## Task item
Only the lines from the beginning of the listing below through the line with "The Mini Melissa Girls" belong in the answer; please print them exactly and drop the pictures.

***

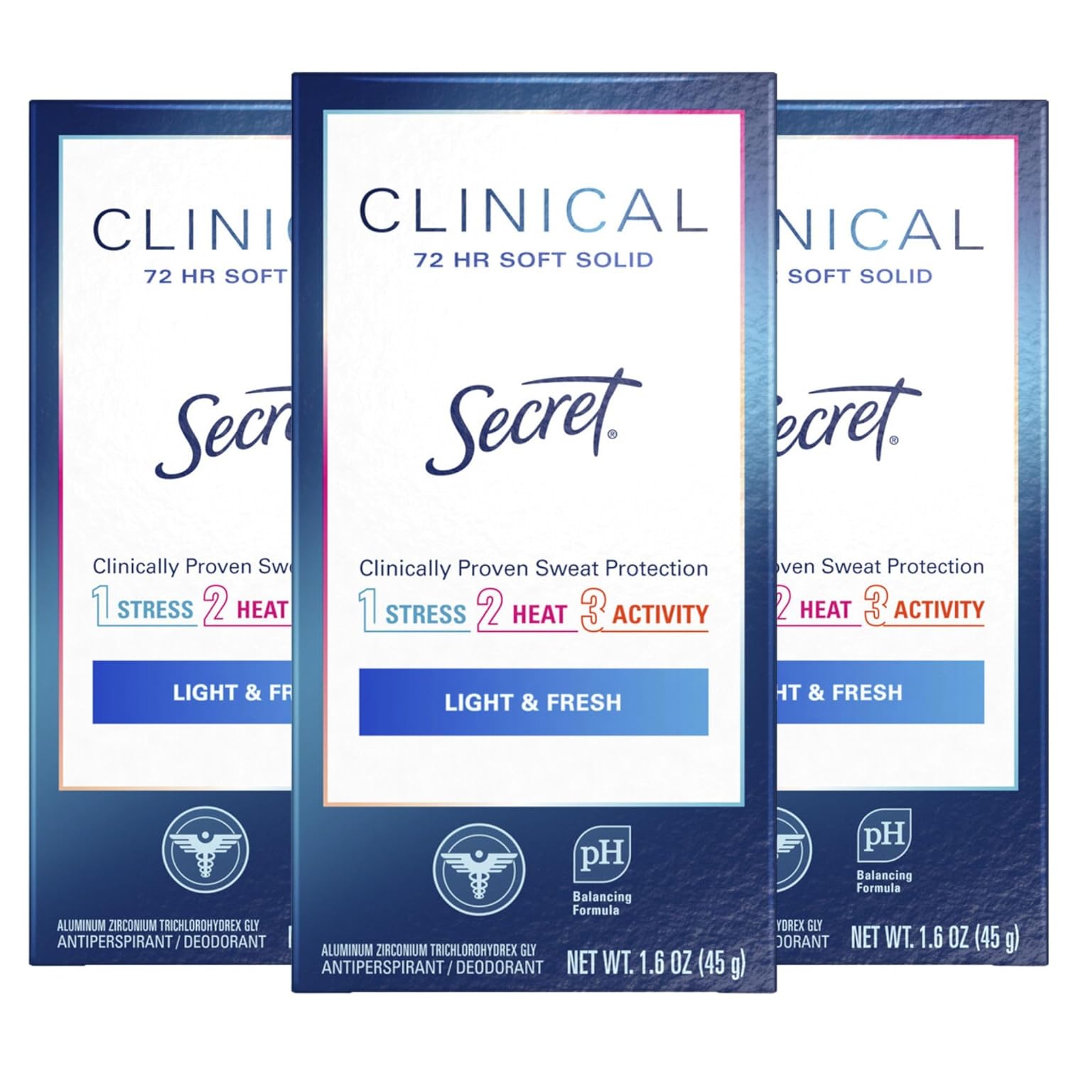 Secret Clinical Strength Antiperspirant and Deodorant Women, Soft Solid Stress Response, 72 Hr Sweat Protection, 1.6 oz (Pack of 3)
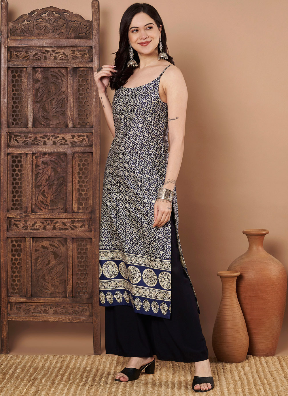 This Blue Cotton Printed Kurti is designed for women who love comfort with a trendy appeal. The lightweight cotton fabric feels gentle on the skin, while the attractive print enhances its casual elegance.
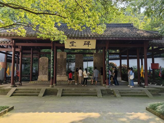 于谦,钱塘县(今杭州)人,明代杰出的政治家、军事家。因“谋逆罪”在北京遭冤杀,后遗骸安葬于现址。冤案经平反昭雪,明孝宗赐谥“肃愍”,并在墓旁建旌功祠,设春秋二祭,形成祠墓合一格局。现由墓区与祠庙区组成,墓道两侧配置仿明式石翁仲、石兽及牌坊。各厅、殿陈列着于谦生前史料、实物等。墓区松柏围绕,庄严肃穆,与岳庙一同成为西湖边不可多得的爱国教育人文景观。
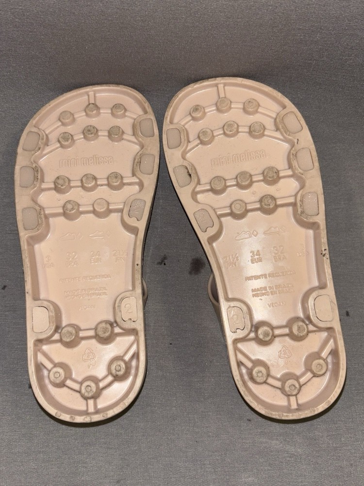 The Mini Melissa Girls Strappy Sandals in size 3 are perfect for young girls who love pink and a subtle sparkle. These sandals feature a hook and loop closure for easy wearing, a low top style for comfort, and a flat heel for all-day wear. Made of rubber, they are ideal for casual or travel occasions during the summer and spring seasons. The Mini Melissa brand ensures quality and style that little ones will love.
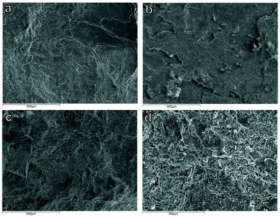 The surface texture of the studied rock samples from both Veria-Naousa and Gerania ophiolite complexes were investigated by using secondary electron images. The particle surfaces of the studied samples presented differences in their microtopography. Highly serpentinized rocks were characterized by smooth and glassy surface textures (Figure 6a,b). With the decreasing of serpentinization, the surfaces of rock particles appeared rougher, due to the presence of minerals of differential hardness, hence resulting in development of rugged and irregular surfaces (Figure 6c,d).
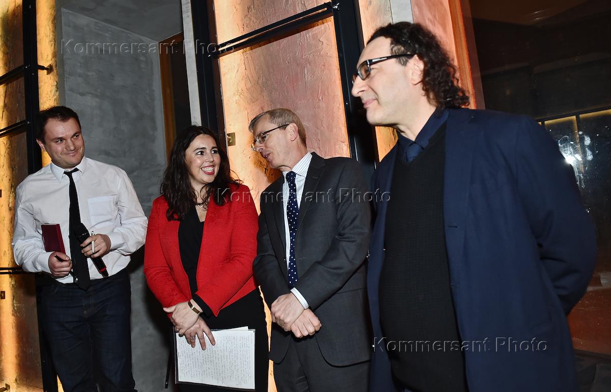 Празднование дня рождения Электротеатра Станиславский и церемония открытия передвижной инсталляции британского режиссера Кэти Митчелл "Пять истин" (Five Truths). Справа налево: художественный руководитель Электротеатра "Станиславский", режиссер Борис Юхананов, посол Великобритании в России Лори Бристоу и куратор Кейт Бейли во время мероприятия.
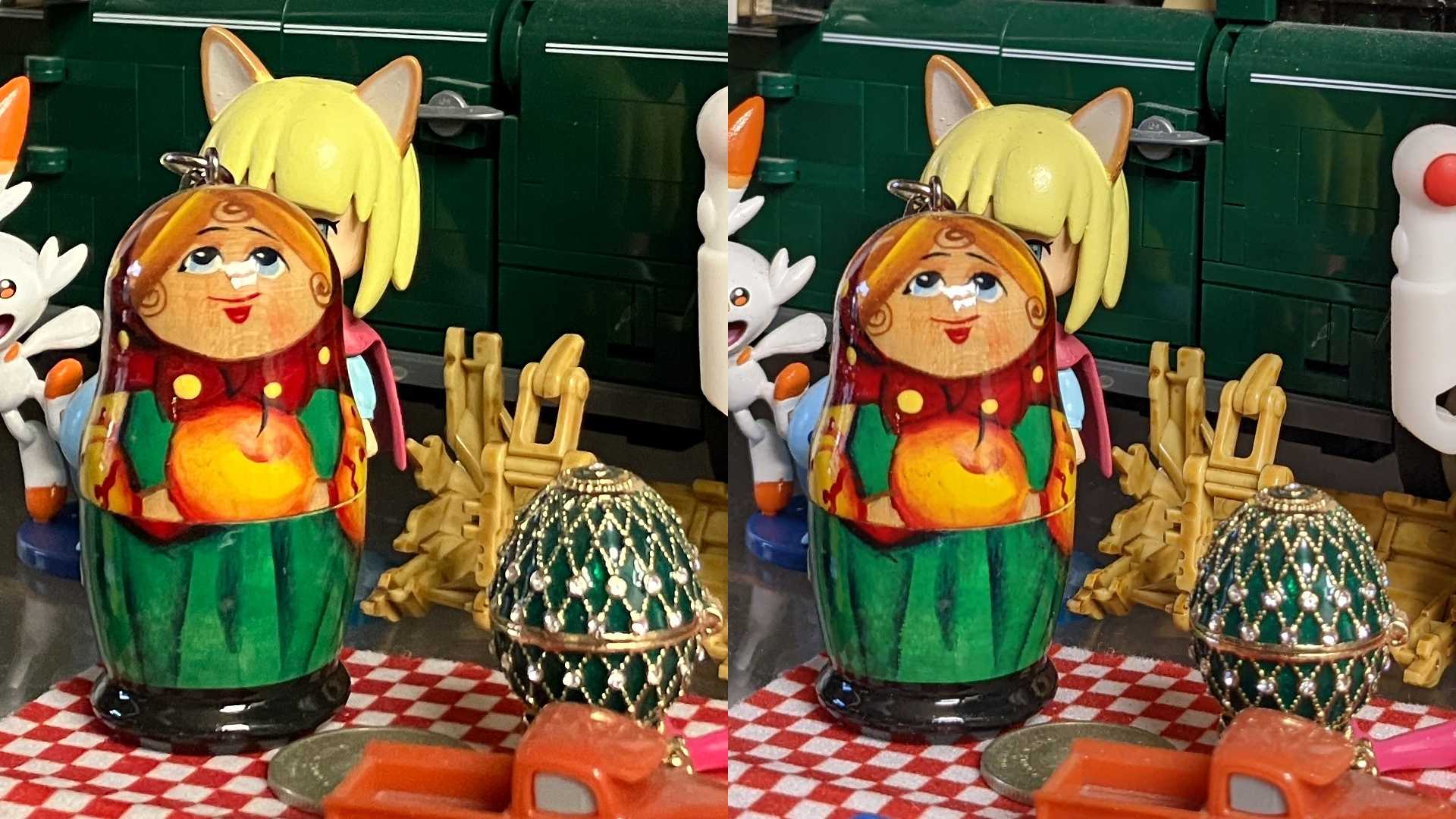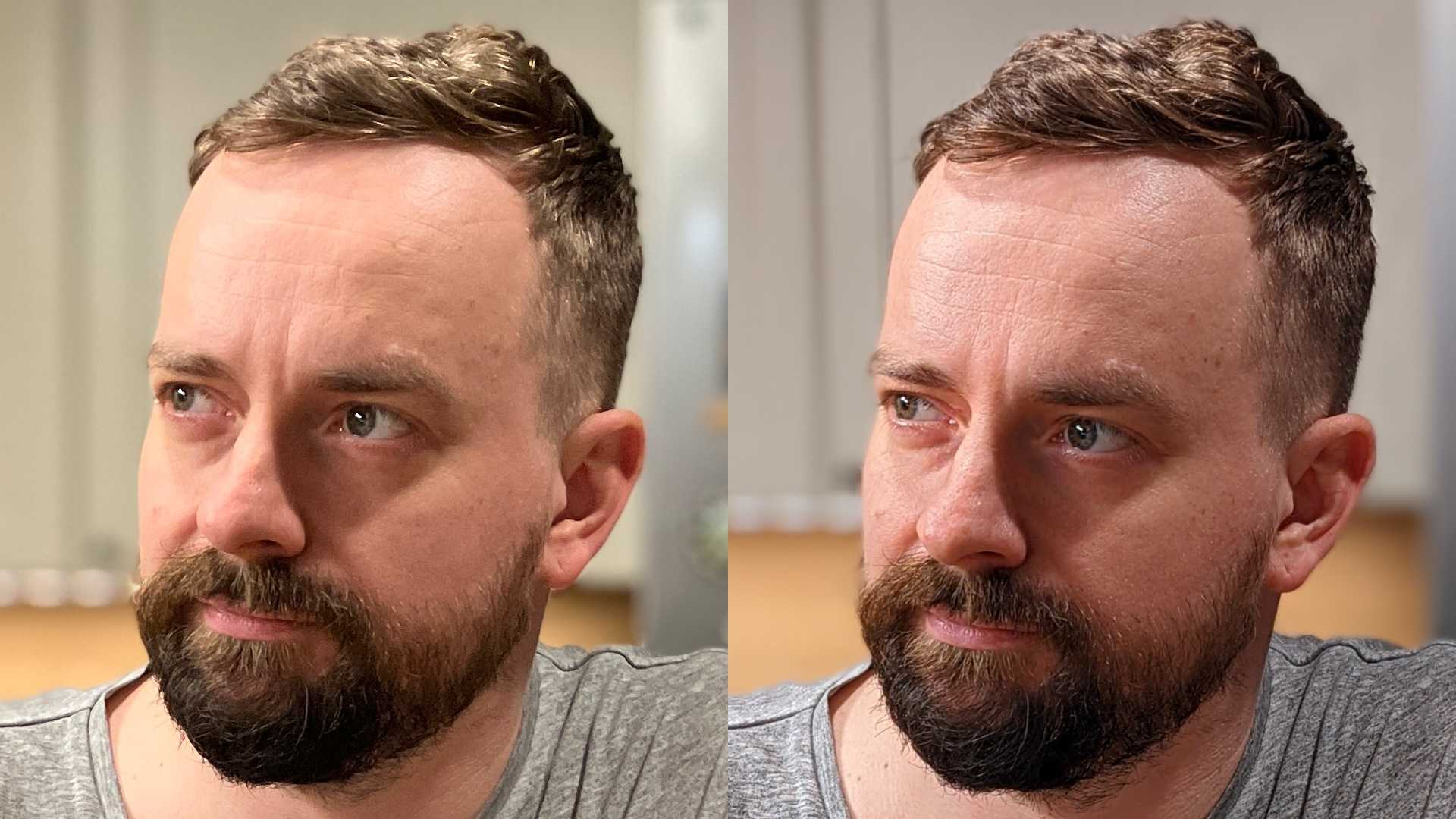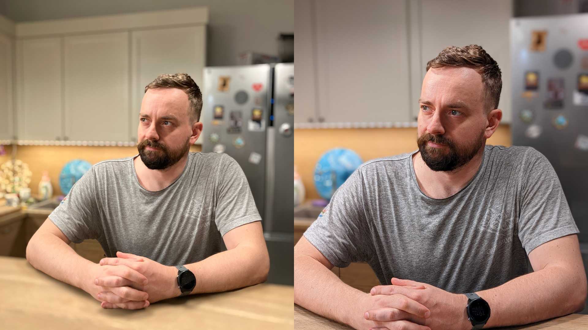 Я снимал с одного расстояния, но телефоны по-разному снимают в портретном режиме. Если iPhone выделяет портрет и замыливает фон вокруг, то Pixel обрезает часть кадра, предлагая более естественные пропорции без особых потерь в качестве. Зато iPhone точнее передаёт цвета кожи, на Pixel 5a получился неестественно розовый оттенок. Да и цвет кухонного шкафчика ближе к истине на левом кадре.
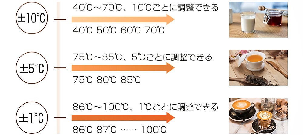 コーヒーを淹れる際にはお湯の温度が極めて重要で、温度に応じてコーヒーの風味(酸味、苦味、香りなど)も変わります。HAGOOGI電気コーヒーケトルは高精度NTCセンサーを搭載しており、様々なニーズに合わせて40℃から100℃まで温調可能です。
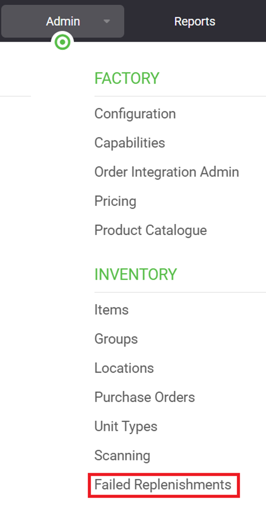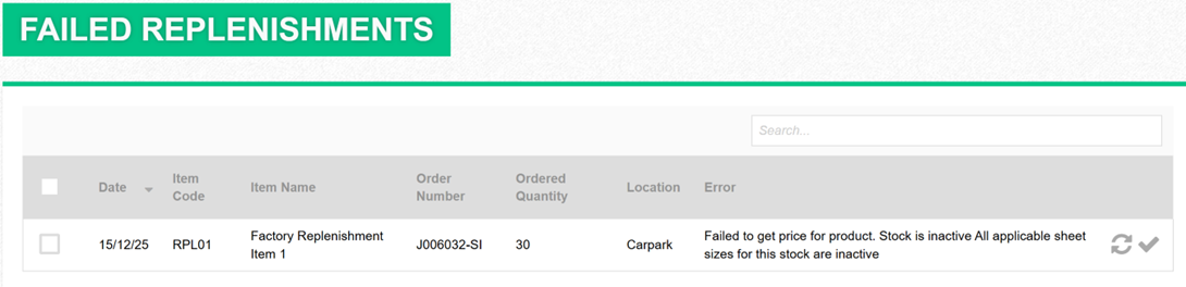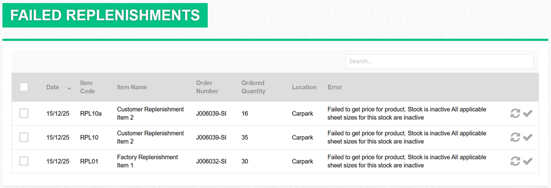 the request is recorded as a Failed Replenishment. This typically occurs when
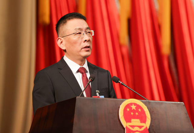 在热烈的掌声中,区委副书记、区长杨松涛代表区人民政府向大会作工作报告。
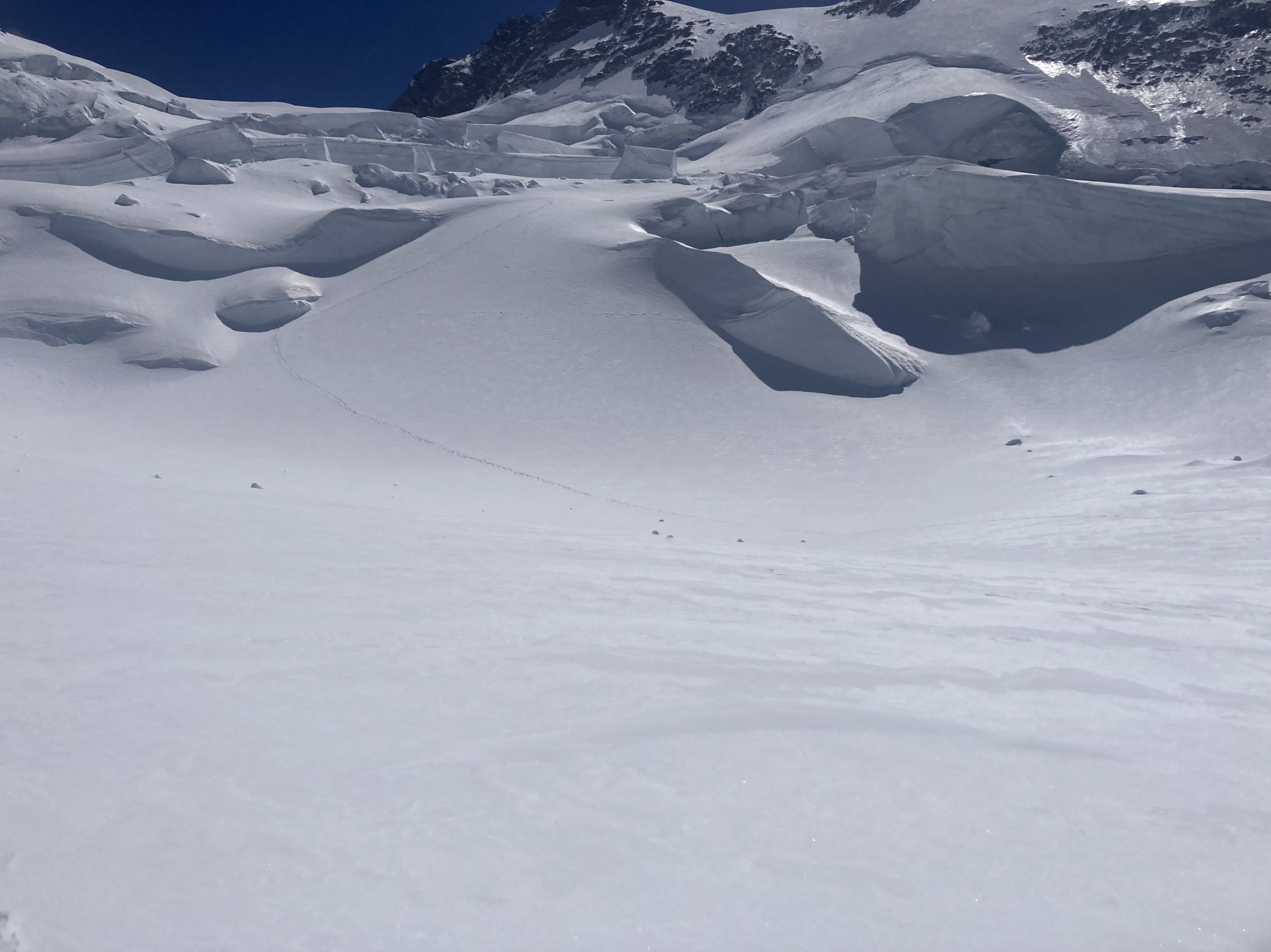 Abseilen in den Silbersattel möglich und gute Spur vorhanden durch die Spalten.

***

## Solution below
 Secret Clinical Strength Antiperspirant and Deodorant Women, Soft Solid Stress Response, 72 Hr Sweat Protection, 1.6 oz (Pack of 3)
 This Blue Cotton Printed Kurti is designed for women who love comfort with a trendy appeal. The lightweight cotton fabric feels gentle on the skin, while the attractive print enhances its casual elegance.
 于谦,钱塘县(今杭州)人,明代杰出的政治家、军事家。因“谋逆罪”在北京遭冤杀,后遗骸安葬于现址。冤案经平反昭雪,明孝宗赐谥“肃愍”,并在墓旁建旌功祠,设春秋二祭,形成祠墓合一格局。现由墓区与祠庙区组成,墓道两侧配置仿明式石翁仲、石兽及牌坊。各厅、殿陈列着于谦生前史料、实物等。墓区松柏围绕,庄严肃穆,与岳庙一同成为西湖边不可多得的爱国教育人文景观。
 The Mini Melissa Girls Strappy Sandals in size 3 are perfect for young girls who love pink and a subtle sparkle. These sandals feature a hook and loop closure for easy wearing, a low top style for comfort, and a flat heel for all-day wear. Made of rubber, they are ideal for casual or travel occasions during the summer and spring seasons. The Mini Melissa brand ensures quality and style that little ones will love.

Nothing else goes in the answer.